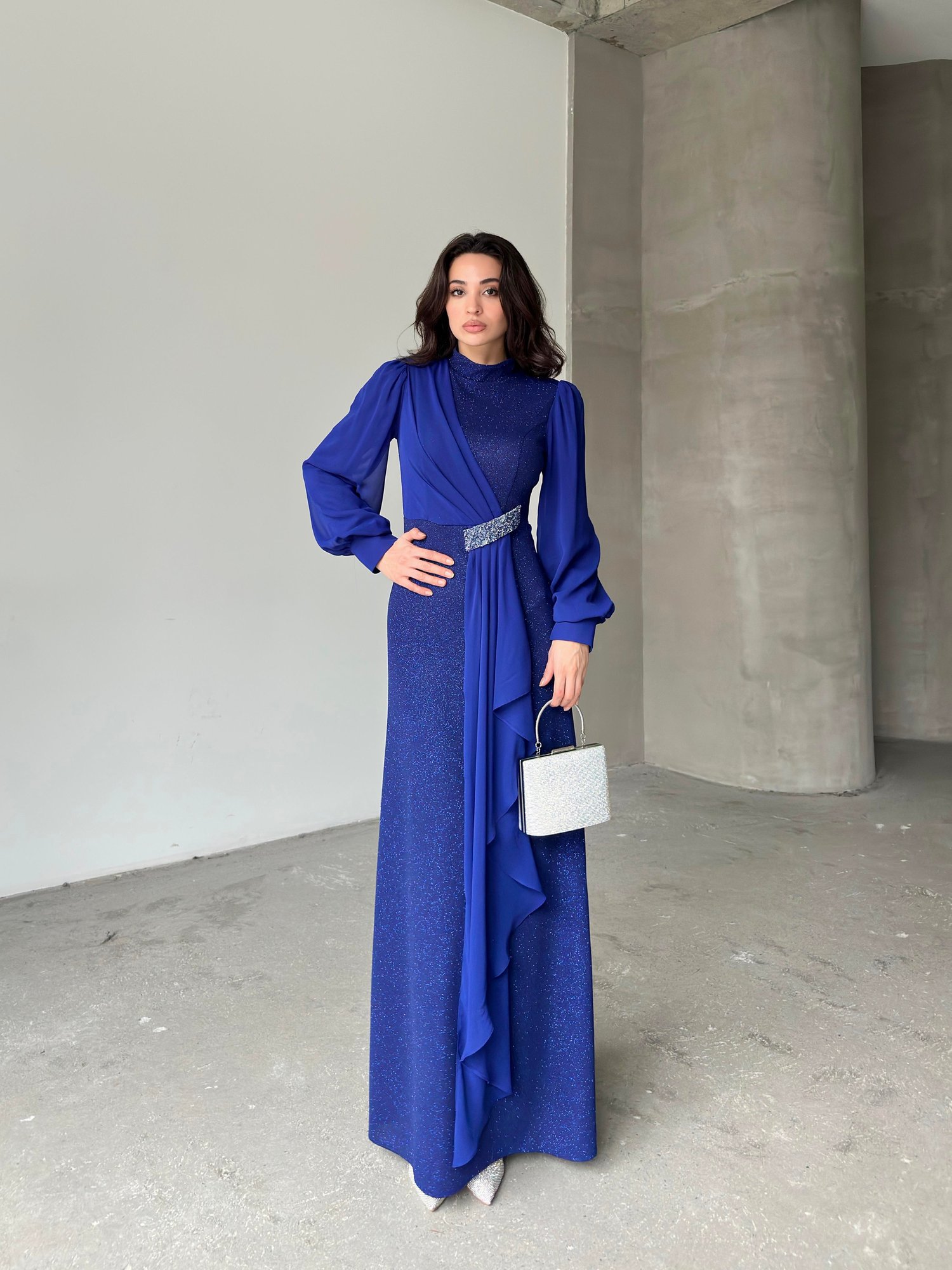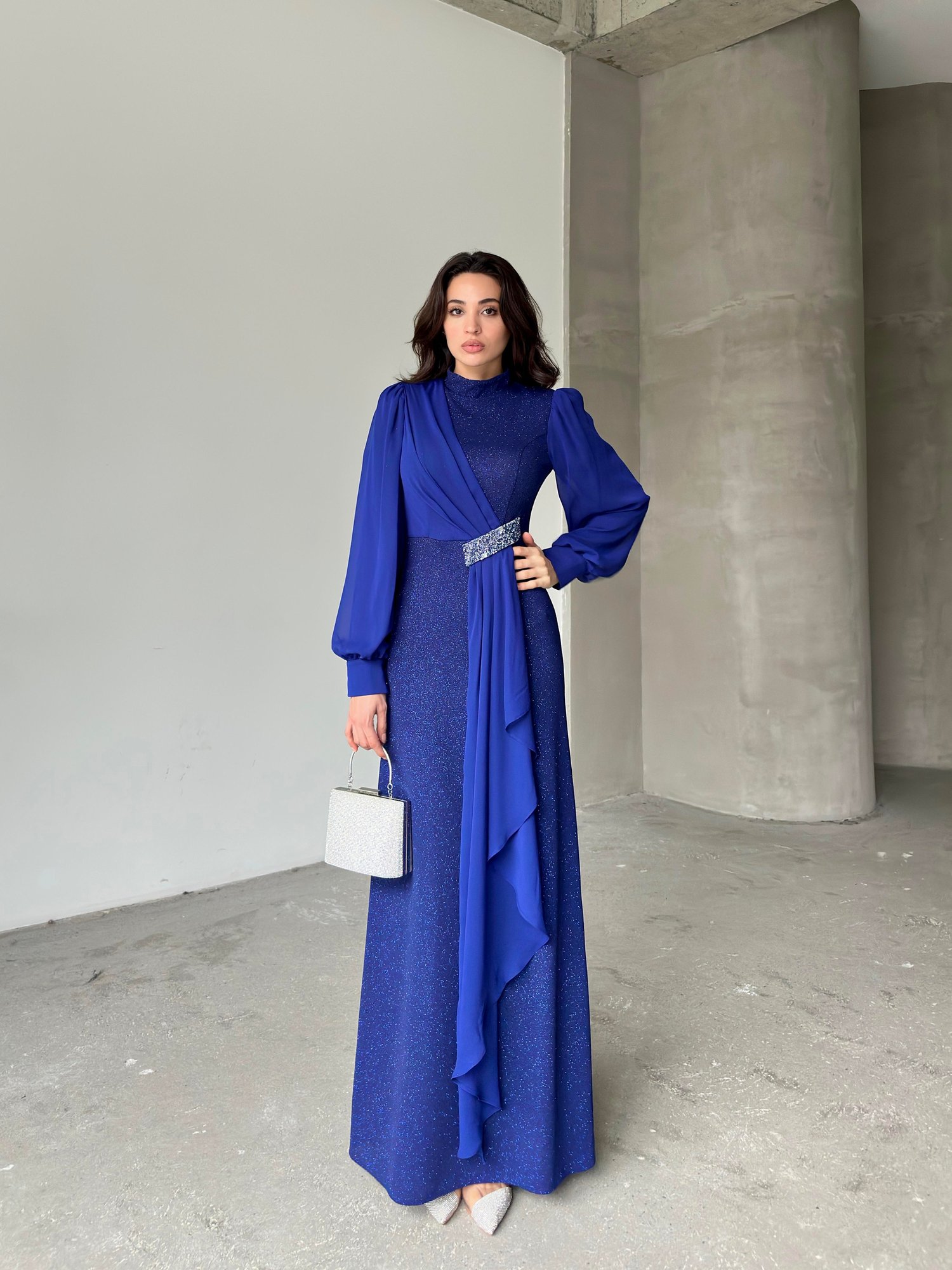 Saks Mavi Taş Detaylı Uzun Kol Simli Abiye Elbise
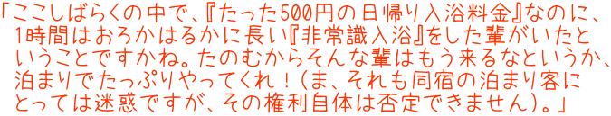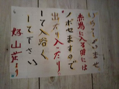 自分は日帰り(1回)入浴の場合、脱衣から着衣まで長くとも30分です。というか温泉ファンとはいえないほどに時には15分くらいで完結かなと。ぬるめの湯ではあっても1時間という入浴時間は十分すぎる長さです。これは栗駒駒の湯にもいえることですが(重要)、少なくとも「ほかのお客さんがいる場合はそこそこで上がりましょう!」。 |
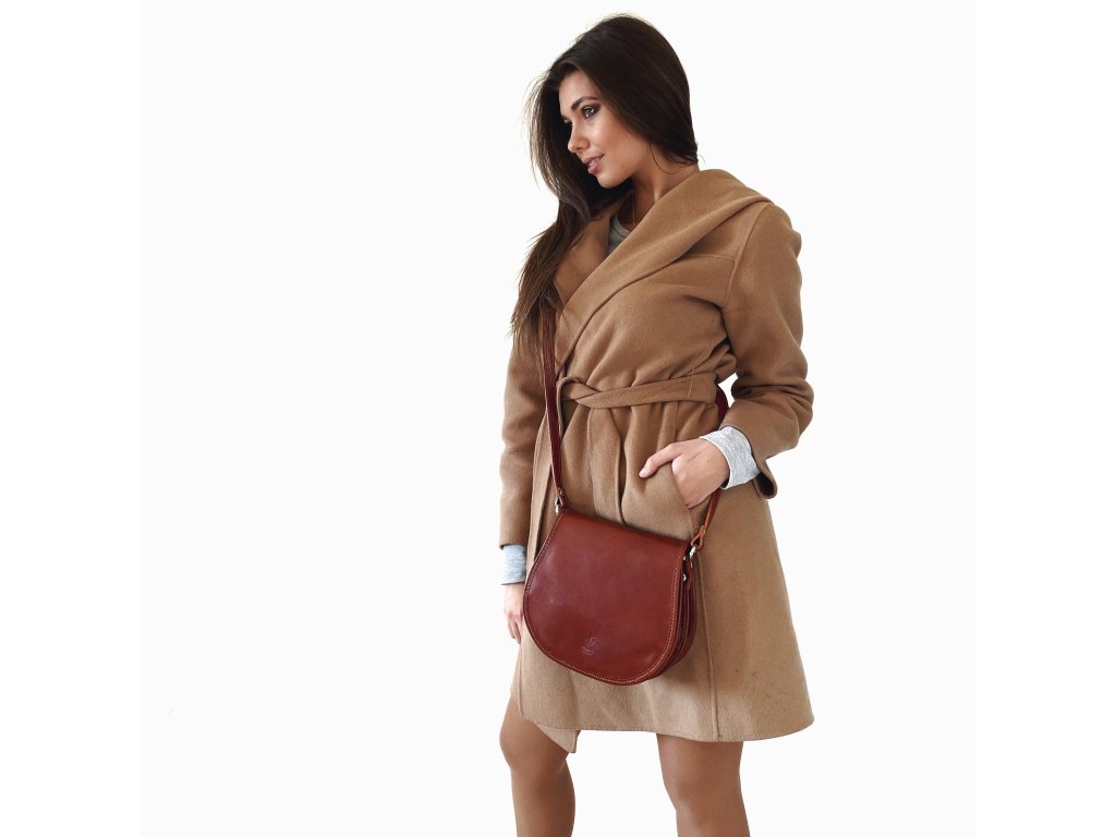Malá šikovná kabelka se zajímavým tvarem. Kabelka je vyrobená z pravé kůže, která velice dobře drží svůj tvar. Je vhodná na nošení přes rameno nebo cross-body (křížem).
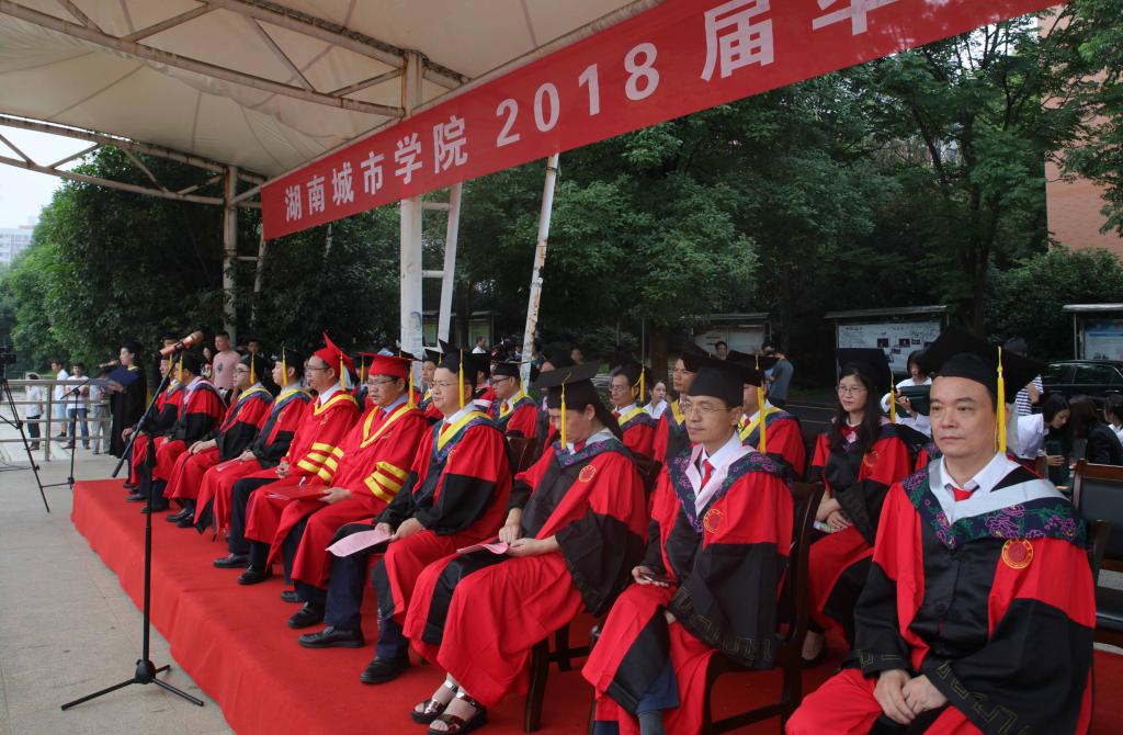 典礼在庄严雄壮的国歌声中拉开帷幕。校长李建奇作了热情洋溢的致辞。他首先对圆满完成大学学业的2018届毕业生们热烈的祝贺,向辛勤培育毕业生们的父母和老师致以崇高的敬意。他表示,毕业不是终点,而是人生新的起点,希望所有毕业生带着奋斗再出发,重振雄风再上路,生命不息,奋斗不止。一是要继承传统,矢志不渝。要秉持和发扬前辈们艰苦奋斗的创业精神,努力成为新时代建设中国特色社会主义事业的中流砥柱;二是要装好行囊,有备而战。奋斗路上,要拾掇起知识、技能、自信、梦想、坚持、创新和健康,在挑战面前,要沉着、坚毅、果敢、从容和淡定;三是要勇攀高峰,不畏险阻。在追求事业的过程中,不要满足于眼前小小成就而沾沾自喜,也不要被一点小小的挫折而自暴自弃,要敢于去跨越一道道生活的坎坷,去攻克一个个职业的难关,去战胜一次次心理的障碍;四是要向上向善,磊落光明。要坚守精神道德高地,有一颗向善之心、恻隐之心、博爱之心和宽容之心,养浩然正气,秉家国情怀;五是要要同频共振,奋勇争先。要在不懈奋斗中释放青春活力,在攻坚克难中追逐美好理想,在不断奋进中实现人生价值。

··········

TASK DIRECTIONS: Do not include the images; transcribe the rest of the listing exactly.

RESPONSE TO THE EXERCISE:
 Saks Mavi Taş Detaylı Uzun Kol Simli Abiye Elbise
 自分は日帰り(1回)入浴の場合、脱衣から着衣まで長くとも30分です。というか温泉ファンとはいえないほどに時には15分くらいで完結かなと。ぬるめの湯ではあっても1時間という入浴時間は十分すぎる長さです。これは栗駒駒の湯にもいえることですが(重要)、少なくとも「ほかのお客さんがいる場合はそこそこで上がりましょう!」。 |
Malá šikovná kabelka se zajímavým tvarem. Kabelka je vyrobená z pravé kůže, která velice dobře drží svůj tvar. Je vhodná na nošení přes rameno nebo cross-body (křížem).
 典礼在庄严雄壮的国歌声中拉开帷幕。校长李建奇作了热情洋溢的致辞。他首先对圆满完成大学学业的2018届毕业生们热烈的祝贺,向辛勤培育毕业生们的父母和老师致以崇高的敬意。他表示,毕业不是终点,而是人生新的起点,希望所有毕业生带着奋斗再出发,重振雄风再上路,生命不息,奋斗不止。一是要继承传统,矢志不渝。要秉持和发扬前辈们艰苦奋斗的创业精神,努力成为新时代建设中国特色社会主义事业的中流砥柱;二是要装好行囊,有备而战。奋斗路上,要拾掇起知识、技能、自信、梦想、坚持、创新和健康,在挑战面前,要沉着、坚毅、果敢、从容和淡定;三是要勇攀高峰,不畏险阻。在追求事业的过程中,不要满足于眼前小小成就而沾沾自喜,也不要被一点小小的挫折而自暴自弃,要敢于去跨越一道道生活的坎坷,去攻克一个个职业的难关,去战胜一次次心理的障碍;四是要向上向善,磊落光明。要坚守精神道德高地,有一颗向善之心、恻隐之心、博爱之心和宽容之心,养浩然正气,秉家国情怀;五是要要同频共振,奋勇争先。要在不懈奋斗中释放青春活力,在攻坚克难中追逐美好理想,在不断奋进中实现人生价值。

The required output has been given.